____ Given data
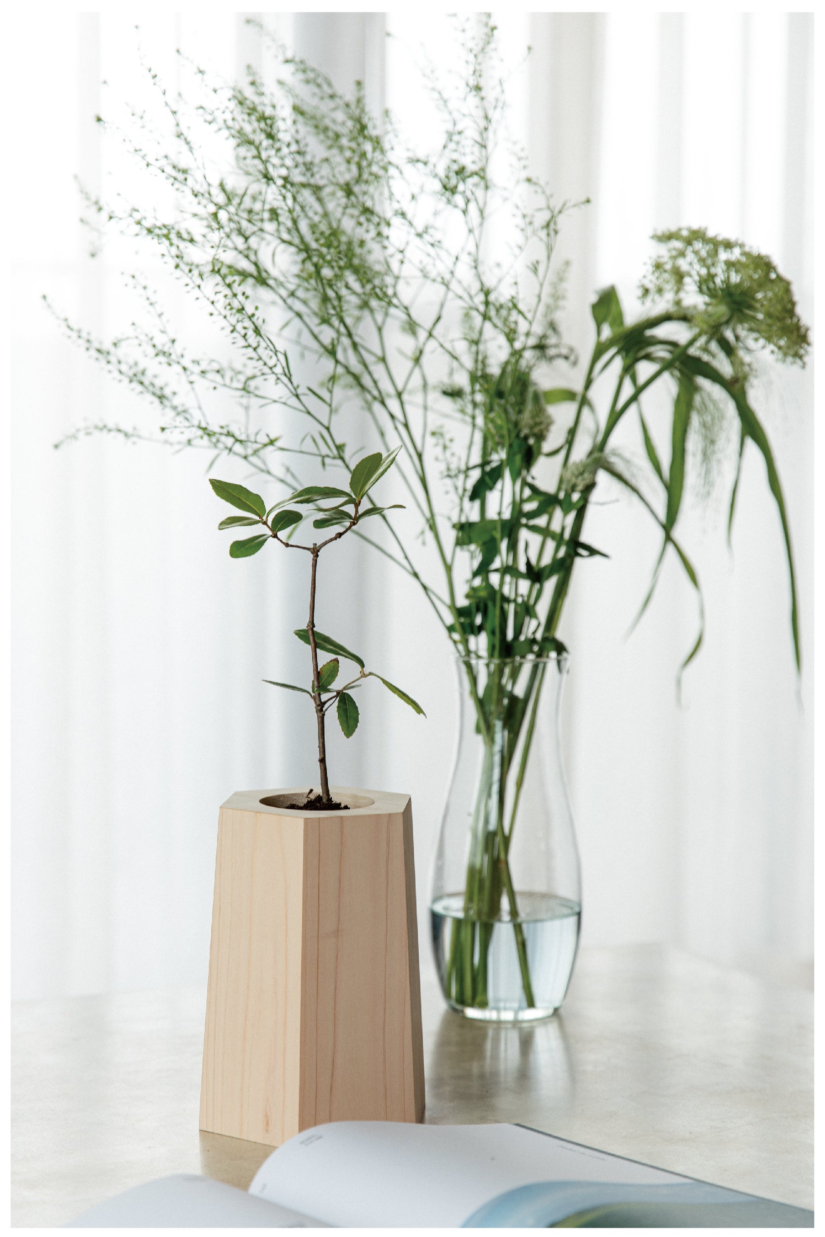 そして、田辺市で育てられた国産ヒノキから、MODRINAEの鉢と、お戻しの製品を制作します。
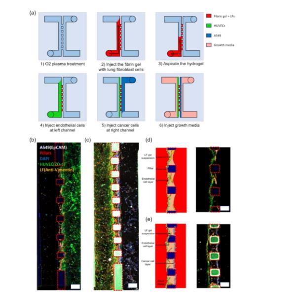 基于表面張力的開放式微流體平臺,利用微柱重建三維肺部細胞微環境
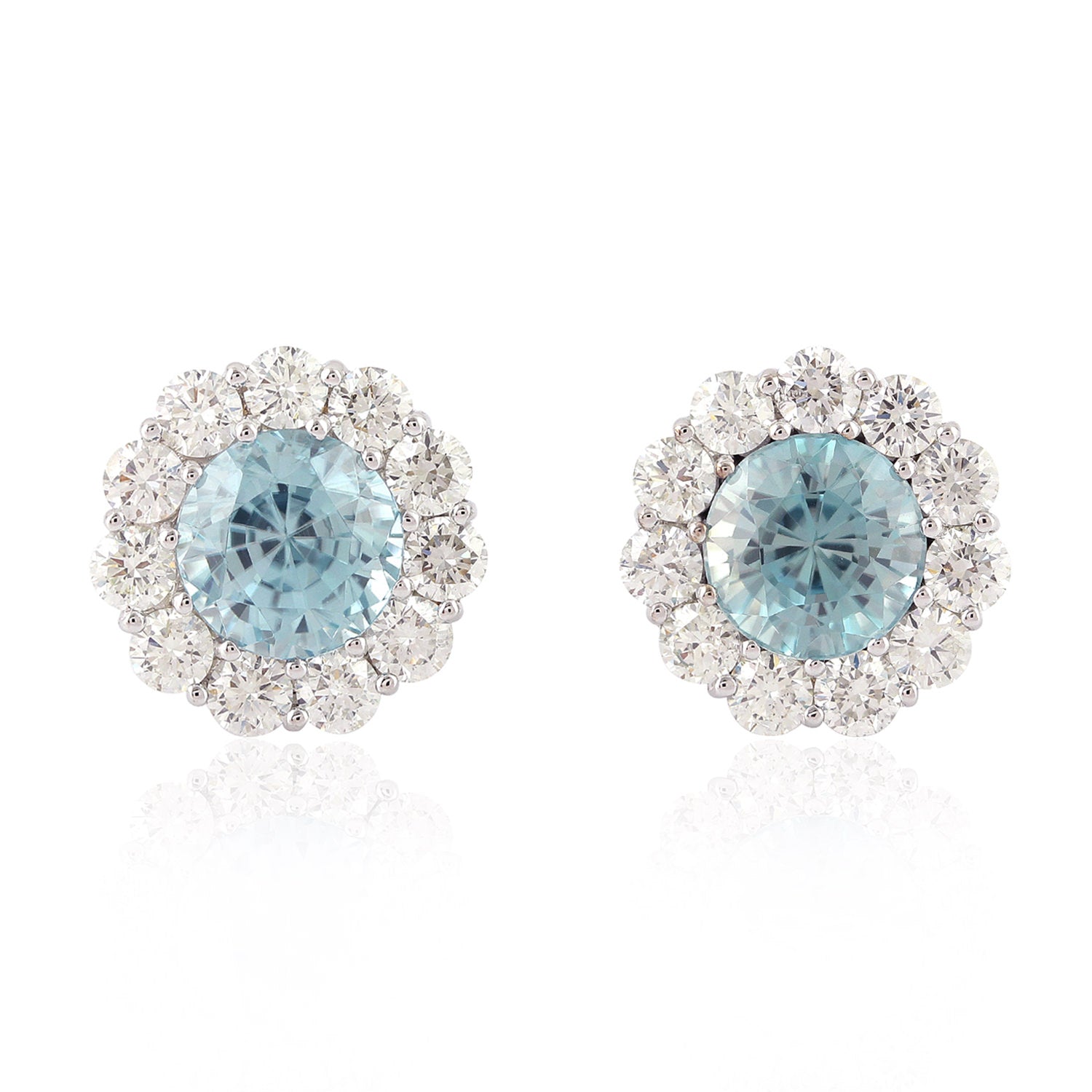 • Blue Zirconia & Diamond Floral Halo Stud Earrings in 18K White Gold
________
Task goal >> Reproduce all of the data exactly; the pictures do not belong in the copy.

Exercise result >>
 そして、田辺市で育てられた国産ヒノキから、MODRINAEの鉢と、お戻しの製品を制作します。
 基于表面張力的開放式微流體平臺,利用微柱重建三維肺部細胞微環境
 • Blue Zirconia & Diamond Floral Halo Stud Earrings in 18K White Gold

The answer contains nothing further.